Exercise objective ->
Only one stretch of the data below is wanted: the lines from the one with "大连长海大桥主墩钢平台贯通 东北最大跨海桥迎关键进展" through the one with "牛皮女鞋 坡跟厚底女士凉鞋 夏新款 后拉链镂空罗马鞋 真皮高跟鱼嘴鞋", repeated exactly.

Records provided ->

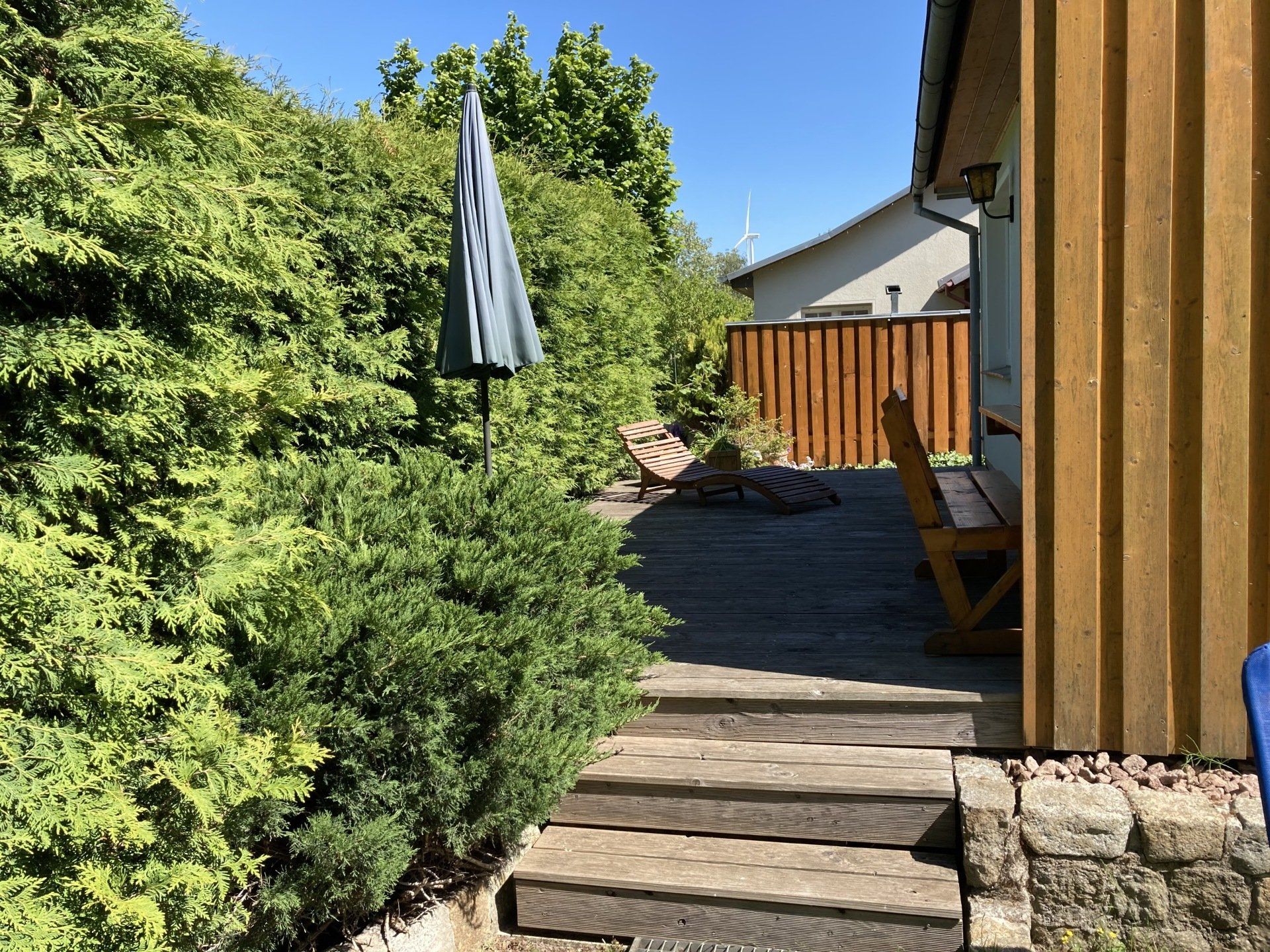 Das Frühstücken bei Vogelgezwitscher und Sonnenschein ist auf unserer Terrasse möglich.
---
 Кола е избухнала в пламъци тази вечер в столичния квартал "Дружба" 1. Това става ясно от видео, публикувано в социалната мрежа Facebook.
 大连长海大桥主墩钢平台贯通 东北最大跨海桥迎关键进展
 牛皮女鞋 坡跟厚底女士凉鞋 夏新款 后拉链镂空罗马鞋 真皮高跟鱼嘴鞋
* * *
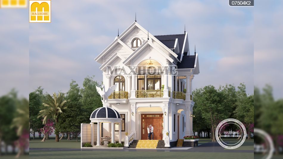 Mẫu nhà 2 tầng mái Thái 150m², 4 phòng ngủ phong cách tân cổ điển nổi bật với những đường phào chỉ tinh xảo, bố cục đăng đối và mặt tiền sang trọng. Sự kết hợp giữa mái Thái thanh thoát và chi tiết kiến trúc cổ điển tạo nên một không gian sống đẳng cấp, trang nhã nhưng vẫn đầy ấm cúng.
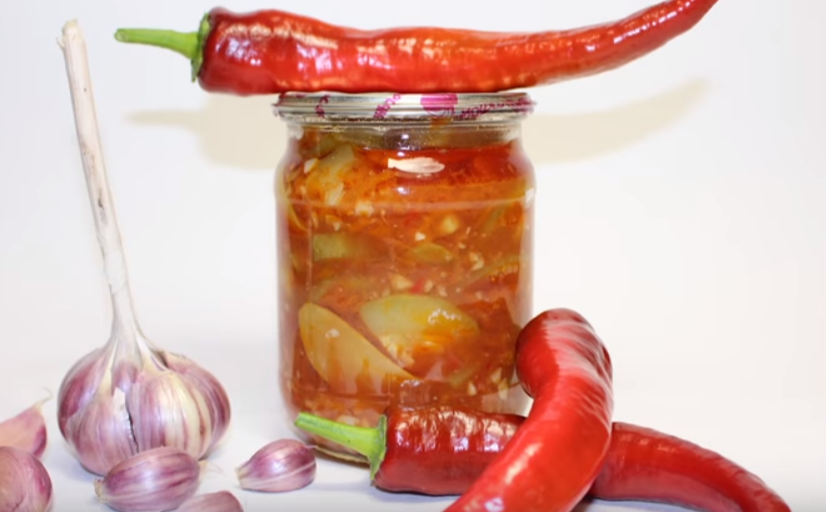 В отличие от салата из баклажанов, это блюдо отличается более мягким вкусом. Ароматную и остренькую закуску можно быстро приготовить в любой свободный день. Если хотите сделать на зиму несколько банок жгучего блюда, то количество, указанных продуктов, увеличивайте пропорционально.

Answer for this exercise ->
 大连长海大桥主墩钢平台贯通 东北最大跨海桥迎关键进展
 牛皮女鞋 坡跟厚底女士凉鞋 夏新款 后拉链镂空罗马鞋 真皮高跟鱼嘴鞋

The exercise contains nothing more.